This piece originally ran in Larry Ferlazzo’s column in Education Week. Larry runs a cool column over there, where he asks teachers a bunch of questions that people don’t usually ask teachers. I don’t remember what Larry’s original question was, but I hope it was about the purpose of school, because that’s what I ended up talking about.
I have no idea what the purpose of school is. I don’t even know if I’m supposed to know what the purpose of school is. Is it to prepare students for college? For work? For voting? For life?
This can be a pie-in-the-sky philosophical question, but sometimes, it’s a practical one. There are all sorts of extremely tangible value conflicts that appear in daily school life. Do we push the class to focus a bit more on test prep, even if they hate it? Do we hire a reading specialist or an art teacher with the available funds? Should students repeat the grade or be socially promoted?
Value conflicts are lurking behind some of the most perennially controversial issues in teaching. How much homework do kids need? Should we track? How do we grade? Nobody can agree because we’ll never be on the same page about school’s purpose.
If absolutely put on the spot, I’d say that school does all and none of the things people want it to. Schools are compromise institutions, built out of our attempt to navigate conflicting expectations. We emphasize core subjects not because they satisfy some particular purpose of schooling but because they represent agreement amid the conflict, like an overlapping region in some giant Venn diagram of values.
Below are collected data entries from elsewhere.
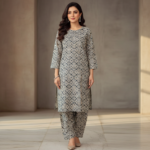 Category: 2 Pieces Tags: 2pc Cotton Outfit, Geometric Print Suit, Grey Co-ord Set, Neutral Tone Dress, Professional Wear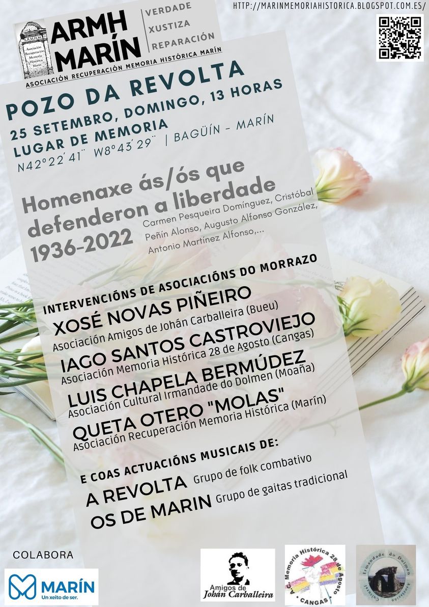 Contaremos coa presenza de asociacións memoralísticas da comarca de O Morrazo, como son a Asociación Amigos de Johán Carballeira de Bueu, a Asociación Memoria Histórica 28 de Agosto de Cangas e a Asociación Cultural Irmandade do Dolmen de Moaña; e sendo anfitriona do acto a Asociación pola Recuperación da Memoria Histórica de Marín.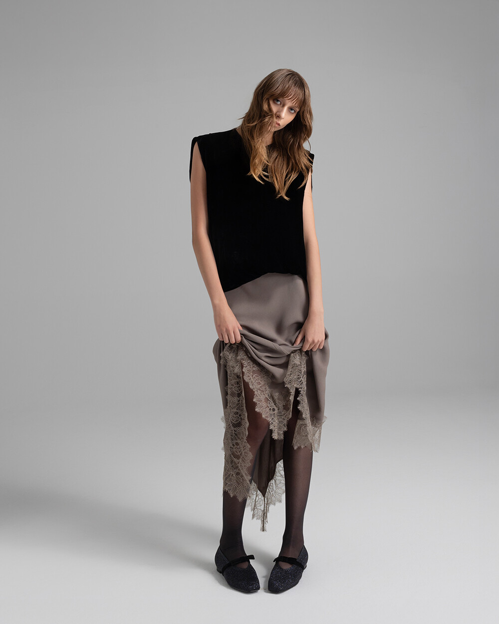 스퀘어플랫 - 벨벳리본 메탈 블랙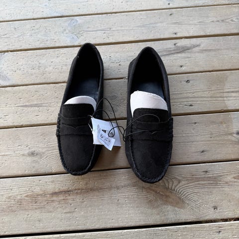 H&M mokkasiner og båtsko i størrelse 39. Skoene er brune og har en klassisk design med mykt materiale. Egnet for uformell bruk og gir komfort gjennom hele dagen.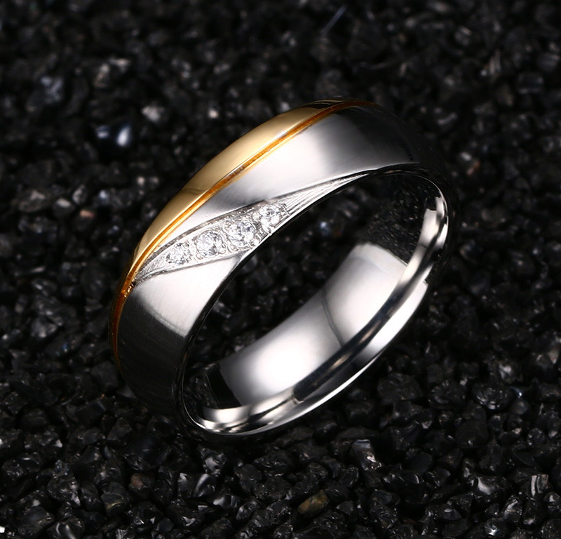 ОБРУЧАЛЬНЫЕ КОЛЬЦА С СЕРЕБРОМ И ЗОЛОТОМ С ЦИРКОНИЕМ, СТАЛЬ 316L (ПАРА)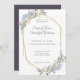 Geometrisk guldram dammblå blommor bröllop inbjudningar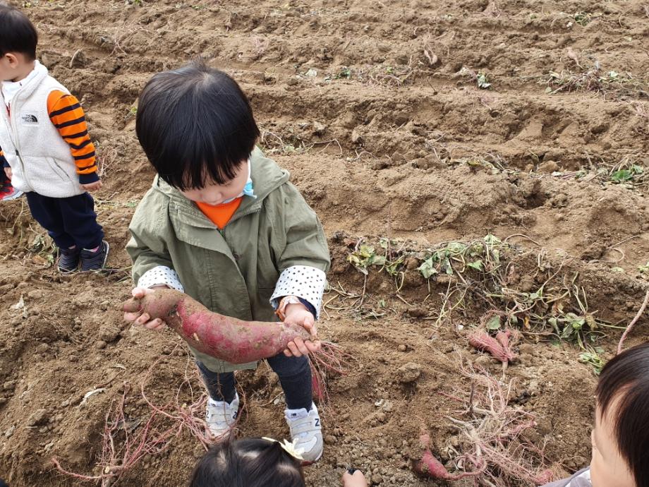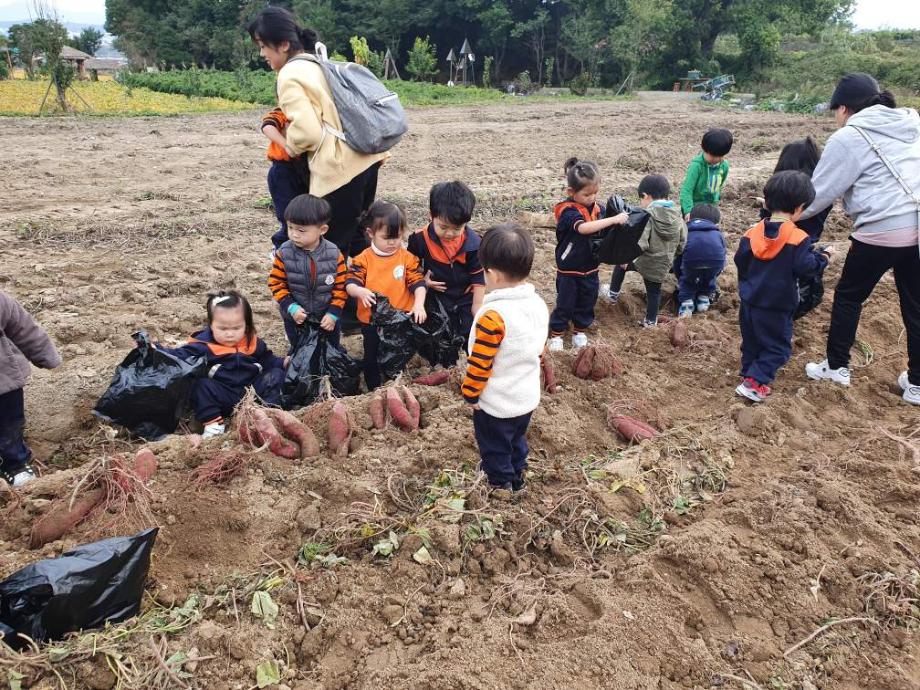 아가페 어린이집 친구들이 고구마캐기 체험을 하러 왔네요. 추운 겨울하면 김이 모락모락 피어오르는 군고구마가 절로 생각이 나는데 너도나도 부모님 및 형제들과 나눠먹겠다고 고사리 같은 손으로 검정봉지에 정신없이 고구마를 담고 있네요. 오늘은 가족들과 즐거운 고구마 파티 하는날!!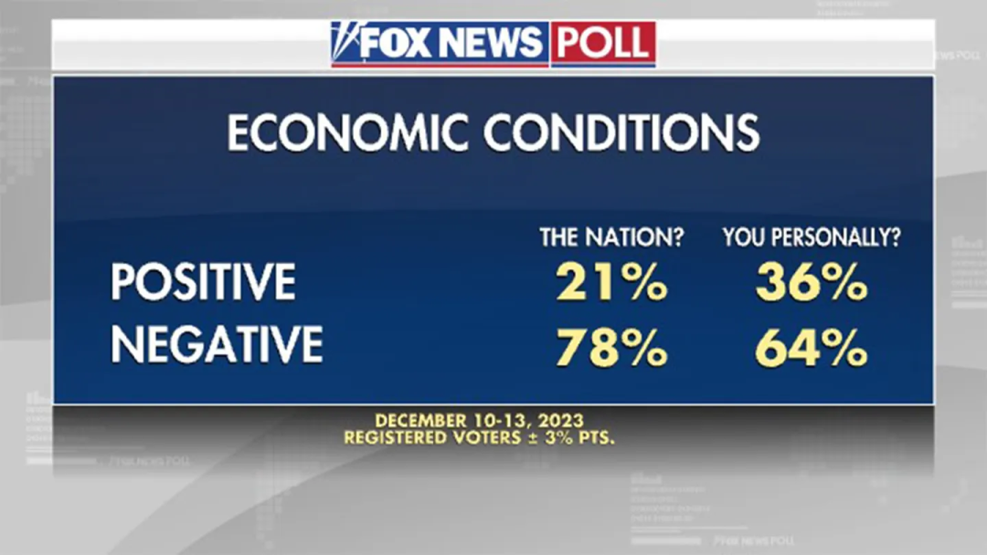 在紐約時報對六個搖擺州的選民進行了一項民意調查,82%的選民認為經濟只是“勉強湊合(Only Fair)”或“糟糕的(Poor)”。即使在2020年投票支持拜登的人羣中,也有高達62% 的選民認為經濟只是“勉強湊合(Only Fair)”或“糟糕的(Poor)”(相比之下,投票支持唐納德·J·特朗普的選民的這一比例為 97%)。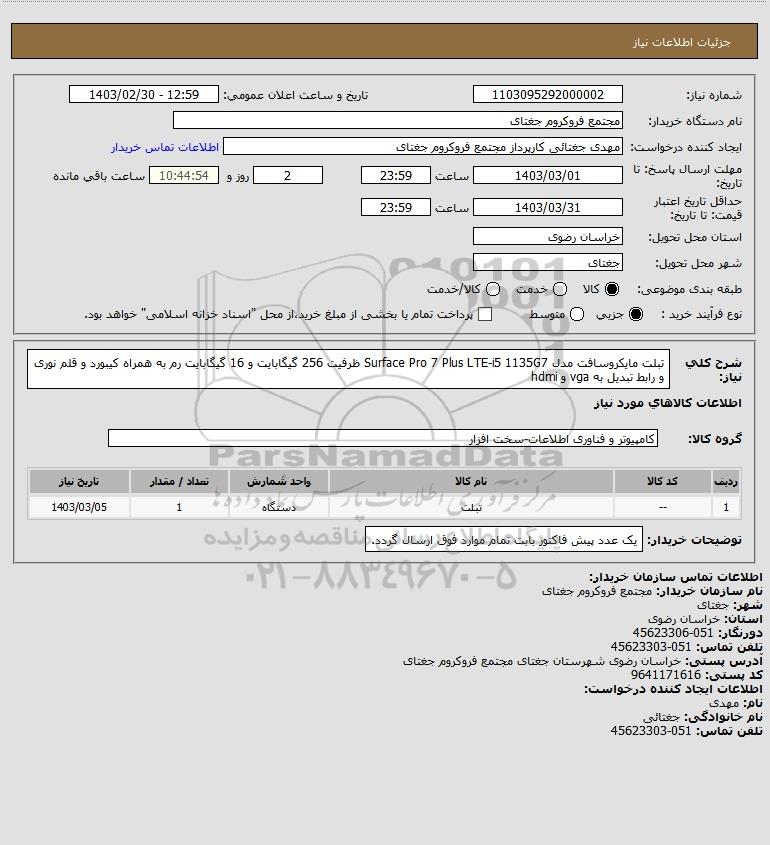 استعلام بها و موضوع استعلام استعلام تبلت مایکروسافت مدل Surface Pro 7 Plus LTE-i5 1135G7 ظرفیت 256 گیگابایت و 16 گیگابایت رم به همراه کیبورد و قلم نوری و رابط تبدیل به vga و hdmi به اطلاع کلیه شرکت‌ها و افراد متخصص واجد شرایط می‌رساند، آگهی گذار در نظر دارد از طریق استعلام بها، نسبت به انتخاب و دریافت پیشنهادات اقدام نماید. این استعلام با کد آگهی ثبت شده در سامانه خبرگزاری پارس نماد : 7463774 منتشر شده است. مشخصات استعلام : تاریخ شروع استعلام: 1403/02/30 آخرین مهلت ارسال پیشنهاد قیمت : 1403/03/01 و محل اجرای پروژه : استان خراسان رضوی میباشد. استعلام قیمت مورد درخواست : استعلام تبلت مایکروسافت مدل Surface Pro 7 Plus LTE-i5 1135G7 ظرفیت 256 گیگابایت و 16 گیگابایت رم به همراه کیبورد و قلم نوری و رابط تبدیل به vga و hdmi با دسته‌بندی‌های تخصصی و گروه های مرتبط : کامپیوتر, تجهیزات مخابرات, استعلام اطلاع رسانی میگردد.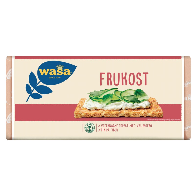Wasa Frukost on miedon makuinen ja murea näkkileipä, joka on leivottu vehnäjauhoista. Sen pinnalla on herkullisen kullankeltaisiksi paahdettuja unikonsiemeniä. Nimensä mukaisesti se sopii täydellisesti koko perheen rapeaksi ja maukkaaksi päivän aloitukseksi.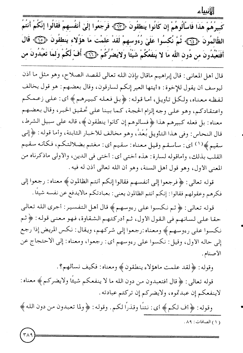 {كَبِيرهمْ هَذَا فاسألوهم إِن كَانُوا ينطقون (63) فَرَجَعُوا إِلَى أنفسهم فَقَالُوا إِنَّكُم أَنْتُم الظَّالِمُونَ (64) ثمَّ نكسوا على رُءُوسهم لقد علمت مَا هَؤُلَاءِ ينطقون (65) قَالَ أفتعبدون من دون الله مَا لَا ينفعكم شَيْئا وَلَا يضركم (66) أُفٍّ لكم وَلما تَعْبدُونَ من} قَالَ أهل الْمعَانِي: قَالَ إِبْرَاهِيم مَا قَالَ بِإِذن الله تَعَالَى لقصد الصّلاح، وَهُوَ مثل مَا أذن ليوسف أَن يَقُول للإخوة: " أيتها العير إِنَّكُم لسارقون، وَقَالَ بَعضهم، هُوَ قَول يُخَالف لَفظه مَعْنَاهُ، وَلكُل تَأْوِيل، أما قَوْله: {بل فعله كَبِيرهمْ} أَي: على زعمكم واعتقادكم، وَهُوَ على وَجه إِلْزَام الْحجَّة، كَمَا بَينا على تَحْقِيق الْخَبَر، وَقَالَ بَعضهم مَعْنَاهُ: بل فعله كَبِيرهمْ هَذَا {فَسَأَلُوهُمْ إِن كَانُوا ينطقون} ، قَالَه على سَبِيل الشَّرْط، قَالَ النّحاس: وَفِي هَذَا التَّأْوِيل بعد، وَهُوَ مُخَالف للْأَخْبَار الثَّابِتَة، وَأما قَوْله: {إِنِّي سقيم} أَي: سأسقم وَقيل مَعْنَاهُ: سقيم أَي: مُغْتَم بضلالتكم، فَكَأَنَّهُ سقيم الْقلب بذلك، وَأما قَوْله لسارة: هَذِه أُخْتِي أَي: أُخْتِي فِي الدّين، وَالْأولَى مَا ذَكرْنَاهُ من الْمَعْنى الأول، وَهُوَ قَول أهل السّنة، وَهُوَ أَن الله تَعَالَى أذن لَهُ فِيهِ.

Researchers have begun to find ways to tease apart some of these purposes, so we have a better picture of the choices and tradeoffs. One recent study, for example, found a conflict between teaching styles in elementary classrooms: Some teaching was associated with greater mathematics learning, while other styles went along with higher enthusiasm and engagement with school. Which is more important in the long run for a young student, learning or engagement with school? Hard to say.
In another study, using data from Trinidad and Tobago, one group of researchers found that parents make value choices when ranking schools. At the top of some lists were schools that tend to prepare students well for high-stakes tests. Others put at the top of their list schools that excel at promoting healthy life outcomes. I suspect in wealthier countries, too, parents disagree about what they most want schools to excel at.
So, what can we do? Because conflicts are inevitable, and because navigating them is an important part of our work, every school should be looking at more than just test scores. We need to understand that, at times, maximizing learning is in tension with other valid goals of education. And to the extent that schools are evaluated, a wider range of variables—like student satisfaction, attendance, behavior—should be considered. We need everyone involved in education to understand that, as long as we disagree about the purpose of schooling, great schools can be excellent in different ways.
I would agree that schools are compromise institutions. There are so many competing requirements that deciding what a school is there to do is a dilemma, not a puzzle. If nothing else the pandemic made it very clear that for most of modern western society, school is tax-funded daycare. It's also very productive daycare as it educates. But then inevitably things get tricky. If you look at school mission statements they nearly always demonstrate how muddled the thinking behind purpose is. When I am in one of my more grumpy moods I will often suggest that what we exclude is as indicative of what we value as what we include. But that act of editing our sincerest hopes is difficult. Similarly, if you really name your school values, then inevitably you will come to a moment when something in day-to-day practice is antithetical to those values. As a school administrator I think those are some of the most interesting and challenging conversations I find myself in.
Would people be happier if parents and schools were able to match with each other based on their values? We can see this to some extent with parochial schools, but they're on the margins of the wider schooling world.